--- START ---

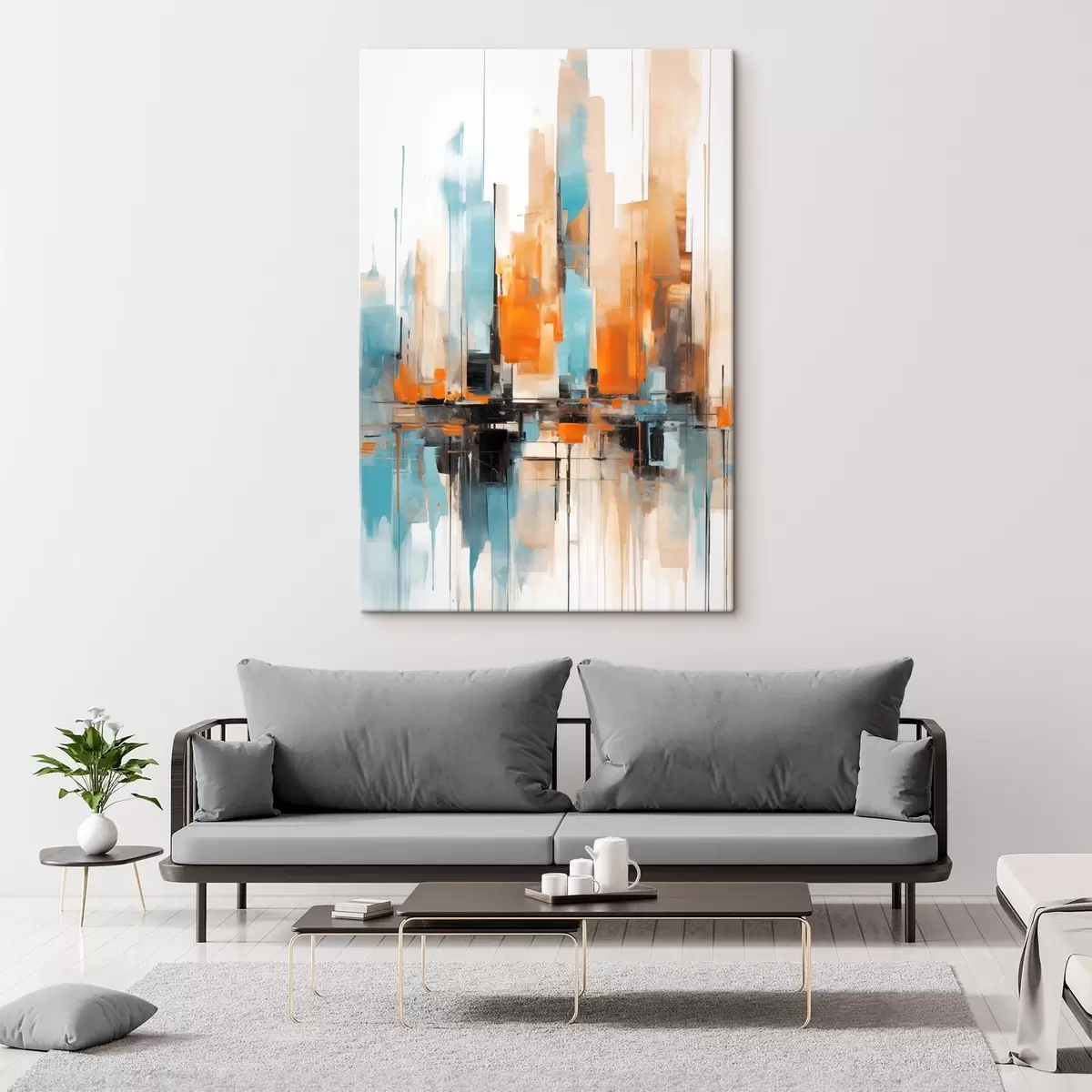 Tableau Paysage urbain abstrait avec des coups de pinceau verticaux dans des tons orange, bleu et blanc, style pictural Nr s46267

--- END ---
--- START ---

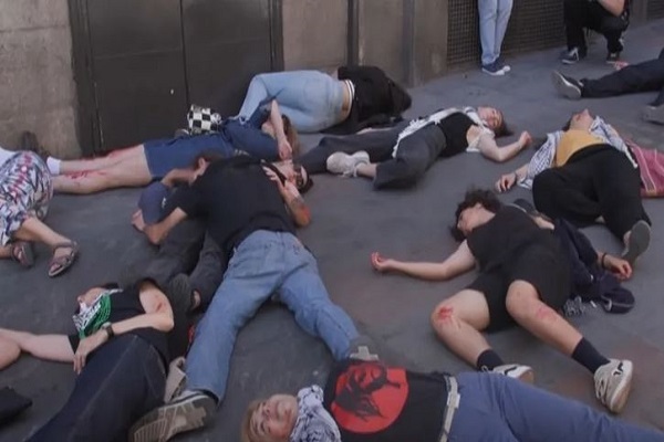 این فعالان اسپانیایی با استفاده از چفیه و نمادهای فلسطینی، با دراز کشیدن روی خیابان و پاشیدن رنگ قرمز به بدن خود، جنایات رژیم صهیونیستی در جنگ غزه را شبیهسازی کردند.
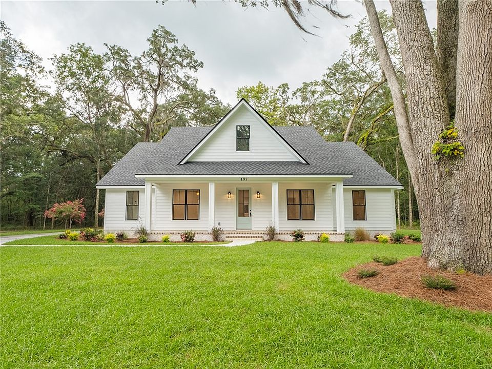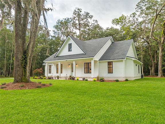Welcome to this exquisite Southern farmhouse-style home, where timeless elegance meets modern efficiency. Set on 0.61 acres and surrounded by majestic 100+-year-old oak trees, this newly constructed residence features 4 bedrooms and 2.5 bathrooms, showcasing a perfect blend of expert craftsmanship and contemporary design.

--- END ---

> WORK REQUIRED: Among the entries above, find the line with "این فعالان اسپانیایی" and repeat exactly from there through the line with "Welcome to this", leaving out the pictures.

> SOLUTION TO THIS TASK:
 این فعالان اسپانیایی با استفاده از چفیه و نمادهای فلسطینی، با دراز کشیدن روی خیابان و پاشیدن رنگ قرمز به بدن خود، جنایات رژیم صهیونیستی در جنگ غزه را شبیهسازی کردند.
Welcome to this exquisite Southern farmhouse-style home, where timeless elegance meets modern efficiency. Set on 0.61 acres and surrounded by majestic 100+-year-old oak trees, this newly constructed residence features 4 bedrooms and 2.5 bathrooms, showcasing a perfect blend of expert craftsmanship and contemporary design.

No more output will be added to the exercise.